Wieviel Mitglieder benötigt die Gewerkschaft in einem Betrieb
Hallo, unser Betrieb ist zur Zeit ohne Tarifbindung und auch aus dem Arbeitgeberverband ausgetreten. Die dadurch deutlich geringeren Entgelte bekommen insbesondere die jüngeren Kollegen zu spüren. Wir haben einen Betriebsrat, welcher aber in Sachen Werbung für Gewerkschaft sich dahin einläßt, das er dies nicht darf.

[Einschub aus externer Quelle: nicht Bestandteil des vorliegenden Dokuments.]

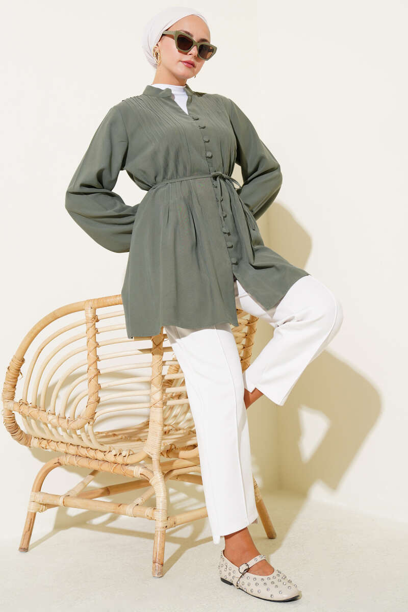 Taş Düğmeli Omuz Pileli Gömlek Bej
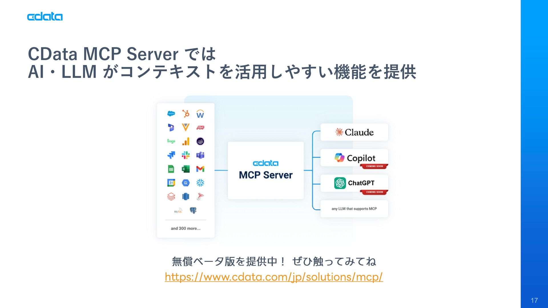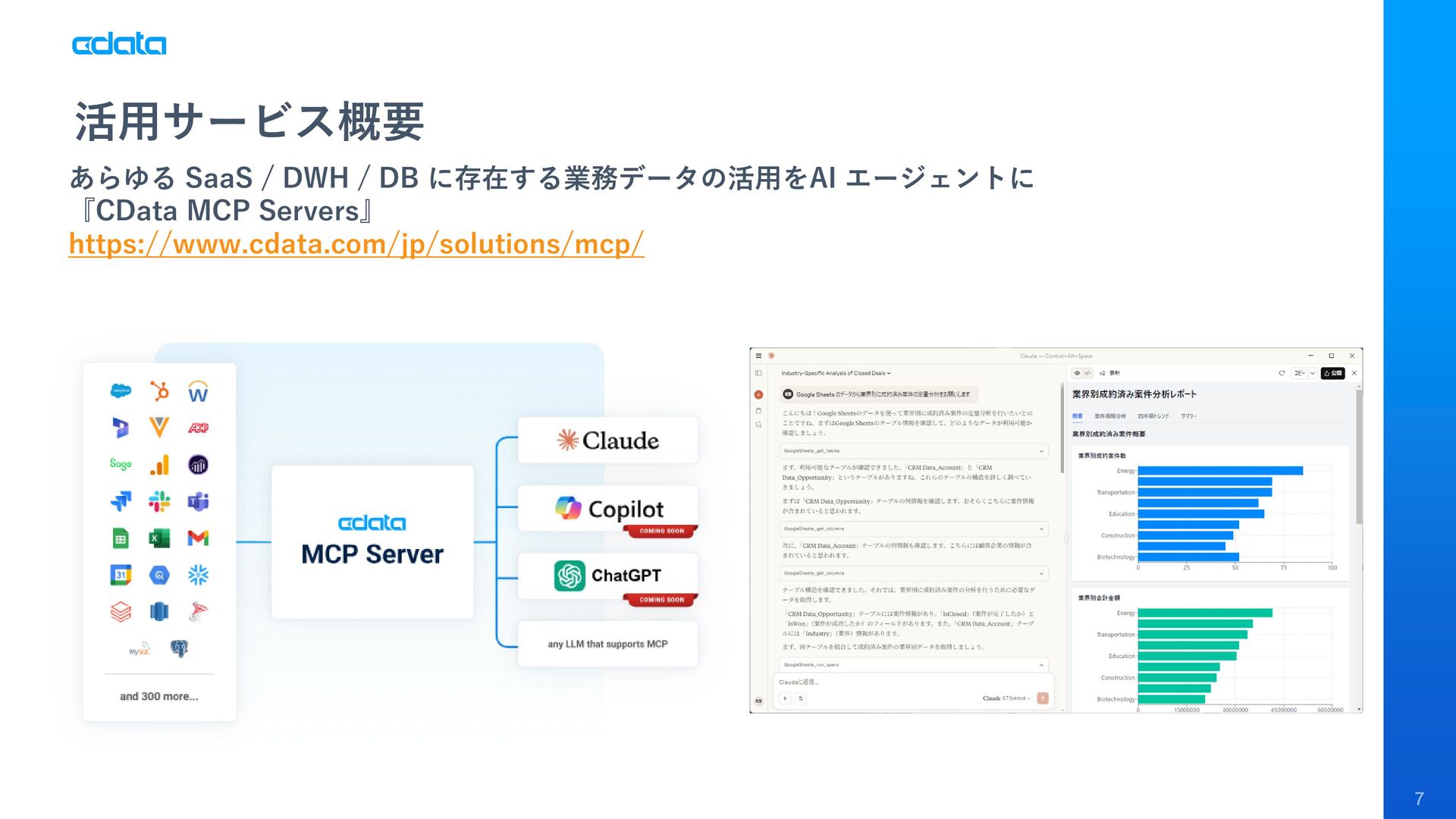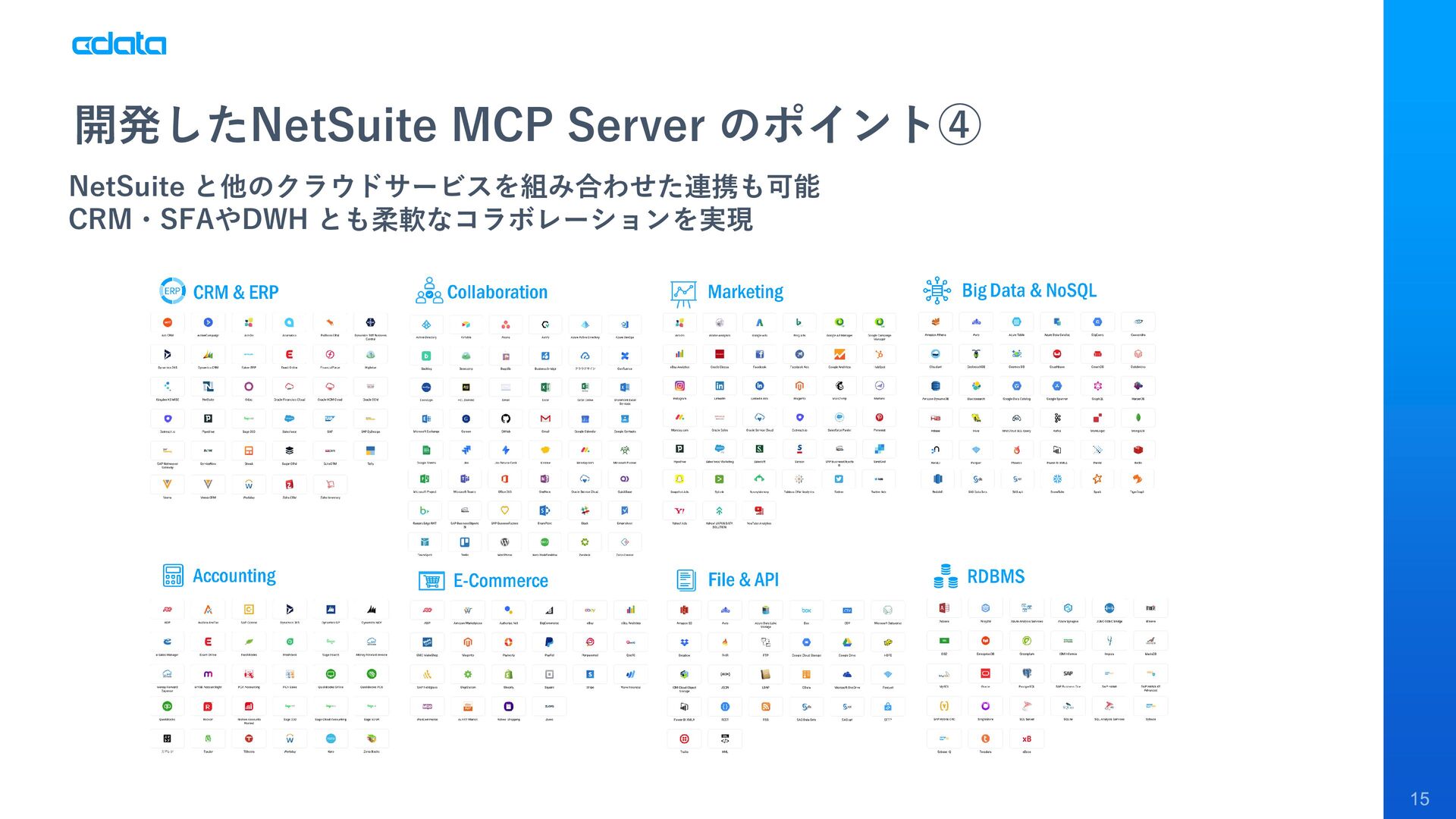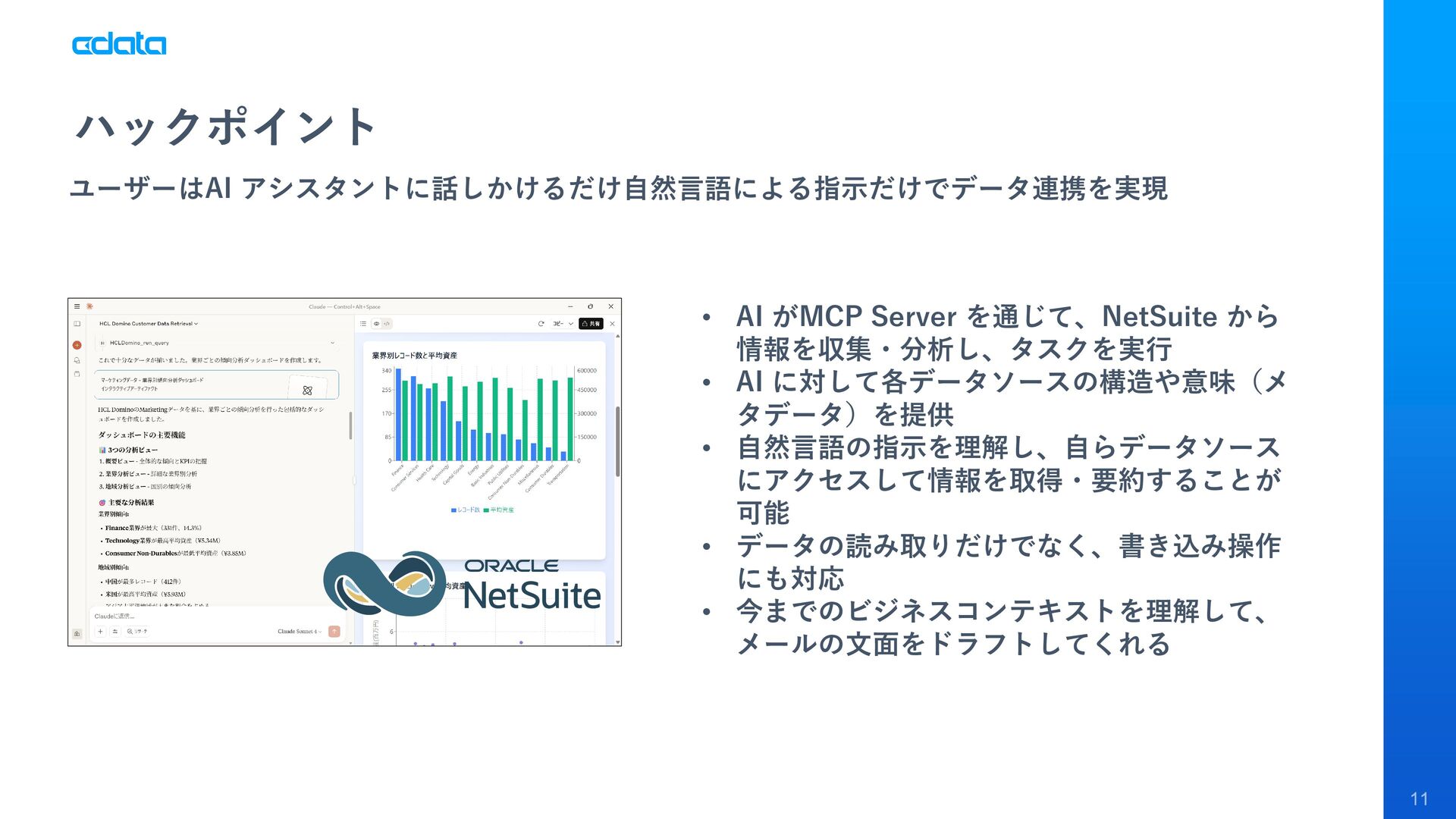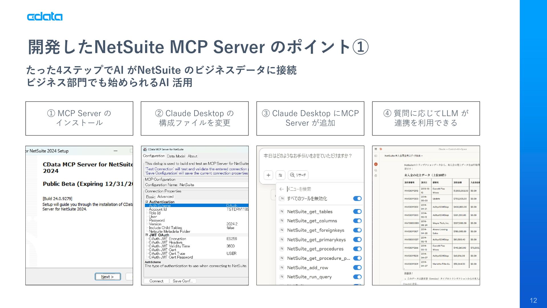 NetSuite のMCP(Model Context Protocol)Server を基盤とし、AI エージェント「Claude」と連携することで、未入金管理業務の最適化を目指しました。CData のAPI 連携のテクノロジーとMCP を活用し、NetSuite データをリアルタイムで外部システムと接続。AI が未入金アラートの自動通知や対応ステータス管理を行うなど、回収業務の効率化とミスの削減に寄与しています。

Bei konkreten Nachfragen wird man ans Büro der Gewerkschaft verwiesen, dort bekommt man nur vage Auskünfte bis hin zu Antworten wie: "Geh in die Gewerkschaft, dann bekommst Du richtig Auskunft."
Ich selbst bin vor Jahren ausgetreten, da ich weder Unterstützung bekommen hatte, als es Probleme mit Arbeitsverträgen gab, noch bei Problemen am Arbeitsplatz. Damals bekam ich immer nur die Aussage, man könne einen Anwalt empfehlen und gleichzeitig das Angebot zur Unterstützung um meinen eventuellen Prozess als Musterprozess zu verwenden. Um mit nen Anwalt für mich selbst zu verhandeln, reicht mir meine Rechtsschutzversicherung. Meine Hoffnung im Rahmen der Gewerkschaft geschützt zu sein erfüllte sich nicht. Ich trat aus und regelte alles selbst und hatte keine Nachteile erfahren. Jetzt geht es jedoch um Tarifverträge und da sagt die Gewerkschaft, es müssten 40-50 % aller Arbeitnehmer in der Gewerkschaft sein, damit sie Tätig werden darf. Diese Zahlen konnte ich jedoch auf keiner Weise bei Recherchen bestätigen. Ich würde auch in die Gewerkschaft eintreten, nur nach den bisherigen Aussagen, würde ich daher dennoch ausser Beitrag zu zahlen nichts davon haben.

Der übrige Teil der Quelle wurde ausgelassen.